ACTION ITEM: The line containing "만약 아르헨티나가 이번" and each line after it, through the final line of the data, are to be retyped exactly, with pictures left out.

Extracted data entries:
##############################
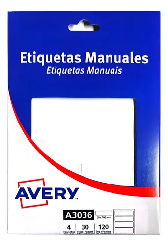 Las etiquetas Avery A3020 son especialmente prácticas para el etiquetado manual de objetos pequeños, precios, envases o señalética. Cada etiqueta mide aproximadamente 9 × 48 mm, ofreciendo una superficie eficiente para escritura manual con adhesivo permanente. Se presentan en hojas A4, con 22 etiquetas por hoja y un paquete estándar de 30 hojas (660 etiquetas por caja). Son ideales para comercios, escuelas o uso hogareño, gracias a su adhesión fuerte y material resistente, sin necesidad de impresoras o diseños complejos.
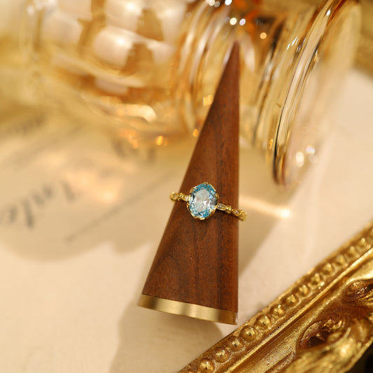 Sterling Silver Adjustable Blue Gemstone Ring – Gold-Plated Elegance
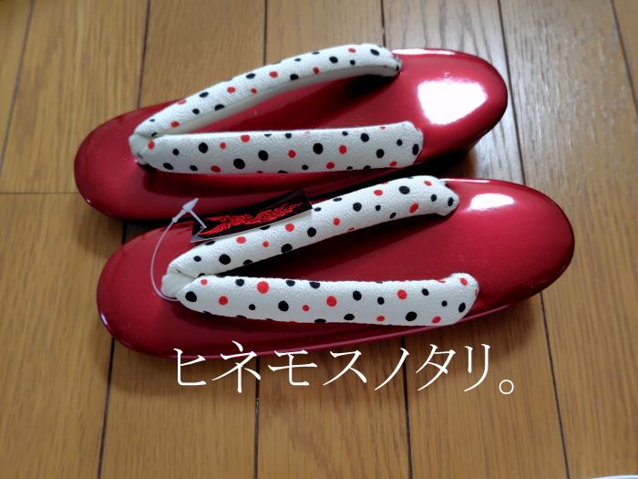 鼻緒はいくつも組み合わせがある中で主張せず着物と合いそうな赤と黒のバブルドットにしました。
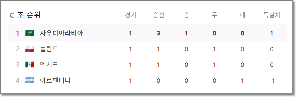 만약 아르헨티나가 이번 2차전에서 멕시코에도 패하면 다른 경기 결과와 관계없이 조별리그 탈락이 확정되는 것이고 사우디의 폴란드전 승리 결과가 나오면 최종전 결과와 상관없이 무승부도 위험해질 수 있습니다.
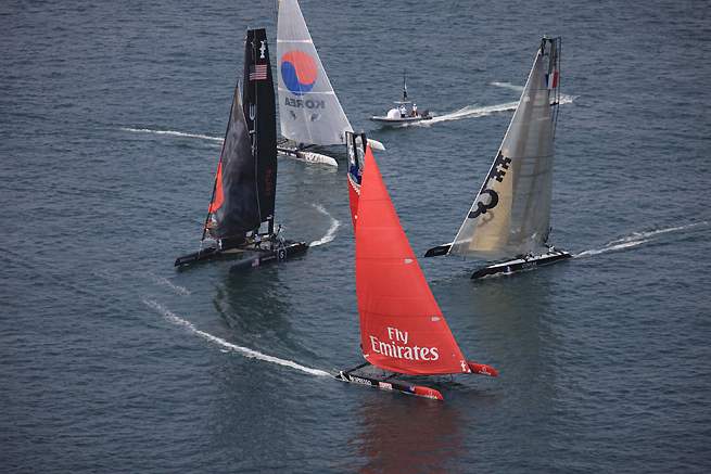 Avec une précision de métronome, James Spithill et ses quatre équipiers ont réalisé un sans faute sur les parcours en flotte, tandis que nous avons peu voir un joli cocotier dans le gennaker kiwi sur la seconde manche. Néanmoins, Dean Barker s’est classé 3,3 et 2 puis a su ensuite contenir la pression de Jimmy sur le duel et emporter la mise. Artemis Racing mené par Terry Hutchinson signe aussi une belle journée avec deux secondes places en flotte mais s’incline dans le match contre Russell Coutts.
##############################
SOLUTION FOR THIS EXERCISE:
 만약 아르헨티나가 이번 2차전에서 멕시코에도 패하면 다른 경기 결과와 관계없이 조별리그 탈락이 확정되는 것이고 사우디의 폴란드전 승리 결과가 나오면 최종전 결과와 상관없이 무승부도 위험해질 수 있습니다.
 Avec une précision de métronome, James Spithill et ses quatre équipiers ont réalisé un sans faute sur les parcours en flotte, tandis que nous avons peu voir un joli cocotier dans le gennaker kiwi sur la seconde manche. Néanmoins, Dean Barker s’est classé 3,3 et 2 puis a su ensuite contenir la pression de Jimmy sur le duel et emporter la mise. Artemis Racing mené par Terry Hutchinson signe aussi une belle journée avec deux secondes places en flotte mais s’incline dans le match contre Russell Coutts.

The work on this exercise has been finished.